# Scrooge and Death...by Joe Simon...info???



## mcdougall (Oct 28, 2007)

Anyone have any info on this cool kit???

http://resinbarbarian.com/2011/08/13/another-look-at-scrooge-18-scale-from-joe-simon/

















I've been hoping for this kit for decades now :thumbsup:
Does anyone here know how to get on this waiting list?
Mcdee


----------



## dklange (Apr 25, 2009)

Sorry. McD... don't know anything about it but really like the look of it!! - Denis


----------



## Gerry-Lynn (Mar 20, 2002)

Denis - Todd P I think is the producer; but not sure. It says ..."This Fall..."

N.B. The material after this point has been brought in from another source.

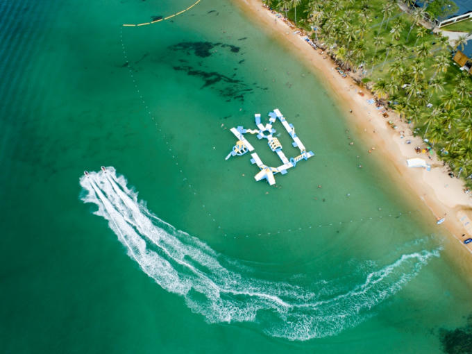 Rời cabin cáp treo, đã thấy cả một miền trải nghiệm hấp dẫn của Tổ hợp vui chơi giải trí biển Sun World Hon Thom Nature Park mở ra. Bãi biển cát trắng mịn như kem, nước trong thấu đáy đẹp khác nào Malpes cho ai muốn nằm dài thư giãn giữa thiên nhiên.

Joe does Great Work, and Todd is Great to do Business with.

Gerry-Lynn


----------



## mcdougall (Oct 28, 2007)

Thanks guys :thumbsup:
Found out that it might be released in October with this Clubhouse link...
http://theclubhouse1.net/phpBB3/viewtopic.php?f=4&t=85423
Todd *is* a great guy to do business with...and I put my name on his list for this kit...Man ...what a GREAT time to be a modeler :thumbsup:
Mcdee


----------



## deadmanincfan (Mar 11, 2008)

Sonova...I have GOT to get me one of those! Thanks for the heads-up, Denis ol' pal! Yer a mensch! :thumbsup:


----------



## Mitchellmania (Feb 14, 2002)

This a great kit!! I'd love to see Scrooge with Jacob Marley also!!


----------



## Auroranut (Jan 12, 2008)

WOW!!! That's a stunning sculpt!!
You've hit another one for six Todd!:thumbsup::thumbsup::thumbsup:
I still haven't picked up any of your great kits yet (no computer for months- now I have a new laptop) but they're still on my radar- especially this cool piece.
Thanks for the link Denis:wave:

Chris.


----------



## Mitchellmania (Feb 14, 2002)

Do you have to be a clubhouse member to buy one?


----------



## Mark McGovern (Apr 25, 1999)

*Correction!*

Mcdee,

That's not "Scrooge and Death". It's Scrooge and the Ghost of Christmas Yet To Come. Quit watching the movies and read the book, already! _Sheesh!_ -


----------



## John P (Sep 1, 1999)

Hey, that doesn't look ANYthing like Bill Murray!


----------



## mcdougall (Oct 28, 2007)

Mark McGovern said:


> Mcdee,
> 
> That's not "Scrooge and Death". It's Scrooge and the Ghost of Christmas Yet To Come. Quit watching the movies and read the book, already! _Sheesh!_ -


If you saw my bills from last Christmas....
....You'd know why I refer to the"Ghost of Christmas Yet To Come" as DEATH 
Mcdee


----------



## Disco58 (Apr 10, 2011)

I'd love to have that one myself. Can't begin to guess how to make comments on the Resin Barbarian site or contact him though. That's one thing that has always irritated me -- how hard can it be to just have a link/button that says 'contact me', or something obvious to make comments like we have here?


----------



## glusnifr (Jan 1, 2011)

does anyone else have trouble registering with THE CLUBHOUSE ? ive tried several times,and again just now .it never goes through


----------



## flyingfrets (Oct 19, 2001)

glusnifr said:


> does anyone else have trouble registering with THE CLUBHOUSE ? ive tried several times,and again just now .it never goes through


Same here. I've heard everything from "problems with the registration software" to "it doesn't like hotmail email addresses."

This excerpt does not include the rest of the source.